__DATA SHOWN__:
####

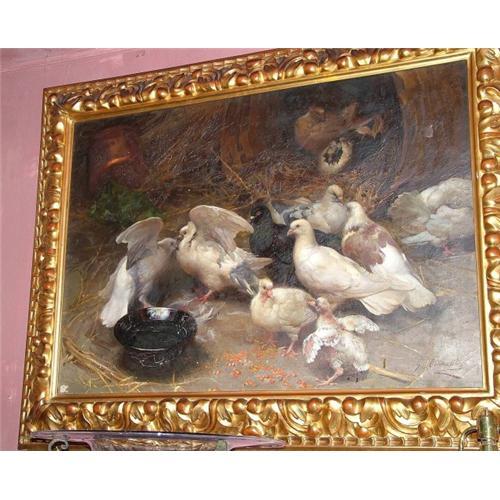 TITLE :PIGEONS , Exquisite original oil on Canvas by the Italian Master Giuseppe Pennasilico ,born in Naples in 1861 (d Genova 1940), Disciple of Domenico Morelli and Gioachino Toma in Naples. then established in Genova. Fertile and eclectic, he exposed in numerous national and international shows (Venice. Bologna. Milan. Rome. Berlin. Paris. London.). His works are treated with vigour both in the color and in the form.
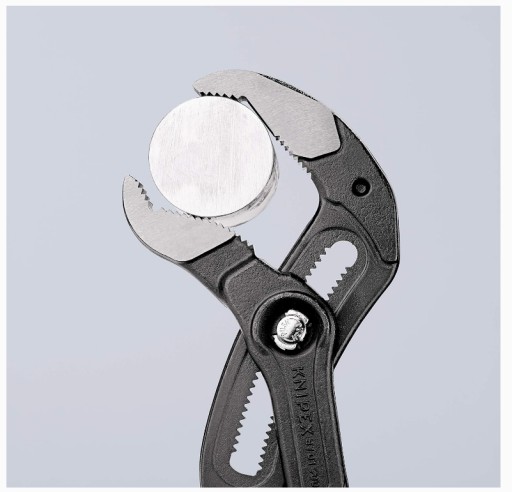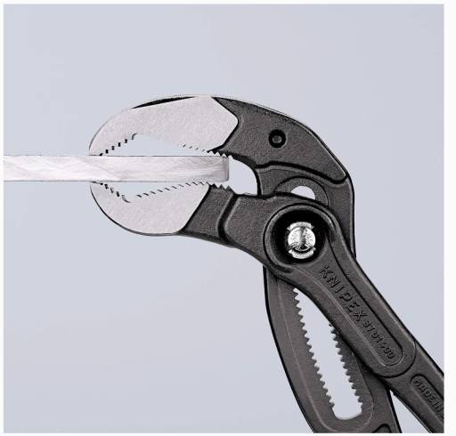 KNIPEX Cobra - szczypce do rur nowej generacji. Nigdy więcej czasochłonnego dopasowywania rozwarcia szczęk do odpowiedniego rozmiaru. Wystarczy tylko umieścić górną szczękę na chwytanym przedmiocie, nacisnąć przycisk i przyciągnąć dolną szczękę.
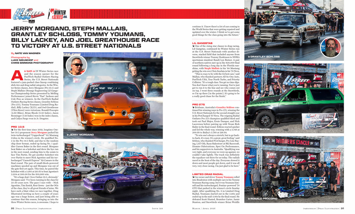 LIL GANGSTAS � One of the rising star classes in drag racing, Lil Gangstas, continued its Winter Series run at the U. S. Street Nationals with another diverse, stacked field that included anyone from Snowbirds winner Tommy Hoskinson to NHRA sportsman standout Randi Lyn Butner. A pair of northern natives met up in the $ 20,000 final round following a long day in the Florida sunshine, with Steph Mallais in his’ 88 Mustang getting the win over Chris Scarlata in his’ 70 Nova.
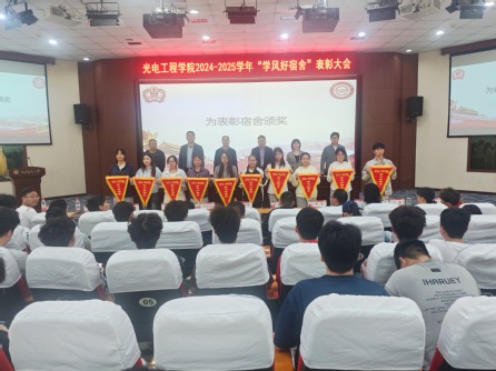 于坤宣读《关于表彰2024-2025学年学院“学风好宿舍”的决定》,对全院学习风气浓厚、学习成效突出的30个宿舍集体予以表彰。获奖宿舍学生代表付朵朵分享了宿舍学风建设的经验做法,从集体学习规划、互助答疑机制、学科竞赛协作等方面进行交流,展现了光电学子勤学笃行、同心致远的良好风貌,为全体同学树立了可学可做的榜样。高飞对获评“学风好宿舍”的集体表示热烈祝贺,向为学风建设辛勤付出的师生致以诚挚感谢。他表示,宿舍是大学生学习生活的重要阵地,更是培育优良学风、锤炼团队精神的第二课堂,光电学子应立足专业特色,以团结为帆、以奋斗为桨,将个人理想融入国家光电事业发展大局。

####

__PROBLEM DESCRIPTION__:
Output all of the data exactly. Skip the pictures.

__TASK ANSWER__:
 TITLE :PIGEONS , Exquisite original oil on Canvas by the Italian Master Giuseppe Pennasilico ,born in Naples in 1861 (d Genova 1940), Disciple of Domenico Morelli and Gioachino Toma in Naples. then established in Genova. Fertile and eclectic, he exposed in numerous national and international shows (Venice. Bologna. Milan. Rome. Berlin. Paris. London.). His works are treated with vigour both in the color and in the form.
 KNIPEX Cobra - szczypce do rur nowej generacji. Nigdy więcej czasochłonnego dopasowywania rozwarcia szczęk do odpowiedniego rozmiaru. Wystarczy tylko umieścić górną szczękę na chwytanym przedmiocie, nacisnąć przycisk i przyciągnąć dolną szczękę.
 LIL GANGSTAS � One of the rising star classes in drag racing, Lil Gangstas, continued its Winter Series run at the U. S. Street Nationals with another diverse, stacked field that included anyone from Snowbirds winner Tommy Hoskinson to NHRA sportsman standout Randi Lyn Butner. A pair of northern natives met up in the $ 20,000 final round following a long day in the Florida sunshine, with Steph Mallais in his’ 88 Mustang getting the win over Chris Scarlata in his’ 70 Nova.
 于坤宣读《关于表彰2024-2025学年学院“学风好宿舍”的决定》,对全院学习风气浓厚、学习成效突出的30个宿舍集体予以表彰。获奖宿舍学生代表付朵朵分享了宿舍学风建设的经验做法,从集体学习规划、互助答疑机制、学科竞赛协作等方面进行交流,展现了光电学子勤学笃行、同心致远的良好风貌,为全体同学树立了可学可做的榜样。高飞对获评“学风好宿舍”的集体表示热烈祝贺,向为学风建设辛勤付出的师生致以诚挚感谢。他表示,宿舍是大学生学习生活的重要阵地,更是培育优良学风、锤炼团队精神的第二课堂,光电学子应立足专业特色,以团结为帆、以奋斗为桨,将个人理想融入国家光电事业发展大局。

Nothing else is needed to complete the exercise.